The notion of privilege may be one that applies to categories of people, but it is instantiated in persons, so becomes a personal characteristic that authorises and emboldens the personalising of the public. In personalising the political, one politicises the personal; both expanding the ambit, and raising the stakes, of politics. In having the emotional depth of the private sphere enter the public sphere, the public sphere is rendered both more dysfunctional and more vicious. There is no relief from the politics of protecting personalised "oppressed" identities; no acceptable ground for, nor protection of, cognitive difference that is in tension with its demands in any realm where people interact.
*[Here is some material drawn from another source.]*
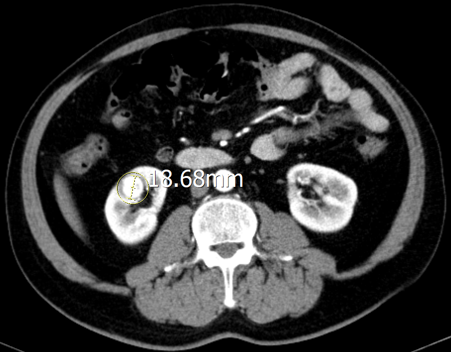 “结合相关影像资料,我们发现患者右肾皮质内见类圆形强化灶,直径约18mm,边界模糊不清,考虑恶性肿瘤。建议开展手术。”泌尿外科主任李胜文表示。

The smothering of dispute and conflict in the name of respect thereby smothers, or attempts to smother, intellectual enquiry, free speech, religious freedom and political choice and does so in a way that strips standing from those who disagree, creating a contemptuous, condescending and pervasive intrusion that both offends and enrages. The politics of resentment need not be the politics of illegitimate or ungrounded resentment: assuming that there is nothing to legitimately resent is another manifestation of moralising politics creating an overweening sense of moral entitlement.
The use of privilege as a way for people with much better social prospects, far more access to social levers, who are much more insulated from the costs of their preferred policies, than so many of the folk they use the concept as a weapon against is where the contemporary usage of the notion of privilege moves from the destructively overblown to the utterly contemptible.